In 2003, when the industrialist and head of FIAT Gianni Agnelli had passed away, I watched thousands of his old workers mourning the death of their principal exploiter, waiting in the queue inside the mortuary chamber set up by the Agnelli family. Even the most humble of these workers was praising the industrialist’s fashion sense. That was probably the most symbolic of the disturbing examples of cultural patronization of the oppressed. Still, it was even more shocking to sit next to the young and the old camped a stone's throw from Wall Street, hearing those hashtags repeated once again, as a mantra: “Jobs was great, man!” or “Without him the IT world would be ruled by the monolopolist Gates”. A few feet away, people were laying flowers, half-eaten apples and even iPads displaying a candle app outside the Apple glass cube on Fifth Avenue. Not surprisingly, that form of worship was left respectfully untouched. You could have atheist protestors laughing about abrahimic faiths, but here they were painting ideological altarpieces to jeans-and-sneakers deities.

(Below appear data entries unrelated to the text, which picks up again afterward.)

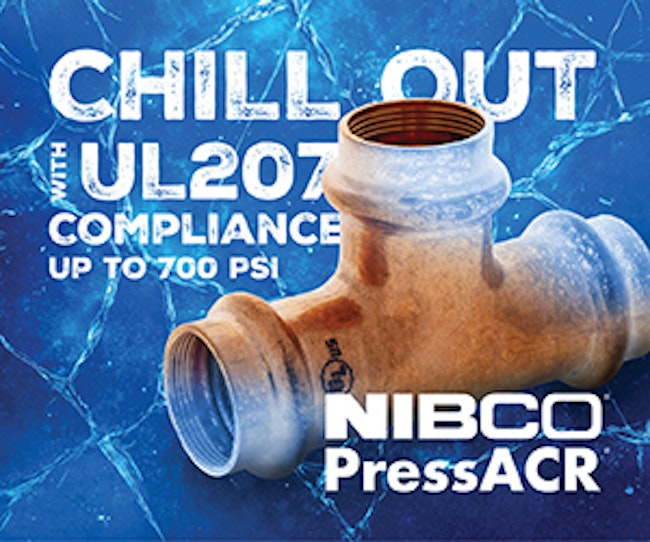 | | Sponsored | | NIBCO® PressACR® fittings and tools are designed to meet demanding environments with UL207 compliance up to 700 PSI. Our fittings are approved for air conditioning and refrigeration applications using A class refrigerants. Now available in sizes 1/4" – 2-1/8". |
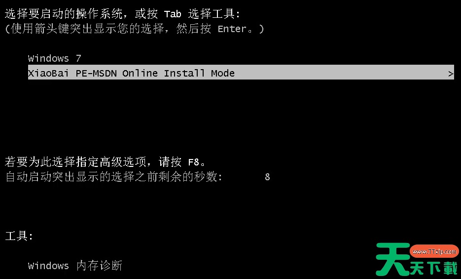 6、下载完成后,电脑重启,选择下面的小白PE进入。
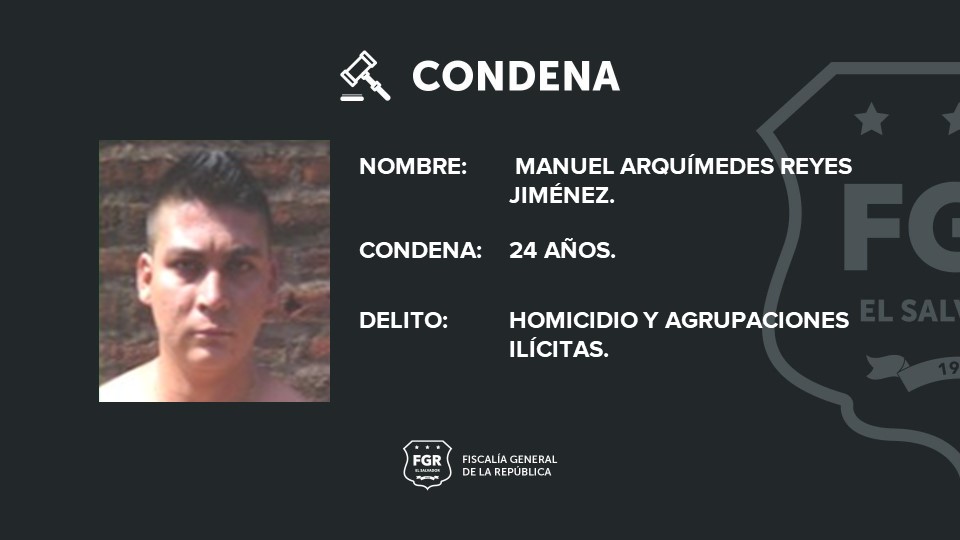 El ente fiscal dijo que José Alfredo Ventura Urrutia fue condenado a 60 años de cárcel por tres homicidios (20 años de prisión por cada víctima) y a 9 años por agrupaciones ilícitas, Manuel Arquímedes Reyes Jiménez, recibió una pena de 20 años de cárcel por un homicidio y 4 años más por agrupaciones ilícitas.

Geek-retablos… And in this new form of religious devotion I saw completely destroyed the entire process of consumer-purchase-transaction, substituted with an abstract concept of gratitude towards the Christ-inventor – for his gifts so amazingly conceived and distributed.
He said: “Our time is limited, so don't waste it living someone else's life.” [from the now biblical Stanford University speech]
True to himself, he choose not to reveal his illness to protect Apple’s stock market value. Unauthorized biographers wrote that he was a memorable tyrant, a curmudgeon that was making huge profits while giving little back to society, lacking any interest for the working conditions in his factories – such as the case of Foxxcon, in mainland China, a true forced-labour camp according to some reports. But I am not discussing here the implications of Apple’s corporation policy and public image – something that Richard Stallman called a “jail made cool”. Nor the coherency of a Pirate of Silicon Valley. What I would like to point out now is, instead of the total absence of detachment, reflection and composure of the self-defined “thinking multitudes” towards the figure of the Martyr-entrepreneur. Here is the triumph of the Bono-Gates-Geldolf philanthropy model, the placebo for direct action, the Left-made-cool. As teased out by an essay recently published by NYU Press, Commodity Activism [1], the most common way we participate in social activism is actually by buying something. And the branded commodity represented by Jobs was an immaculate linkage between material cultures and political subjectivities.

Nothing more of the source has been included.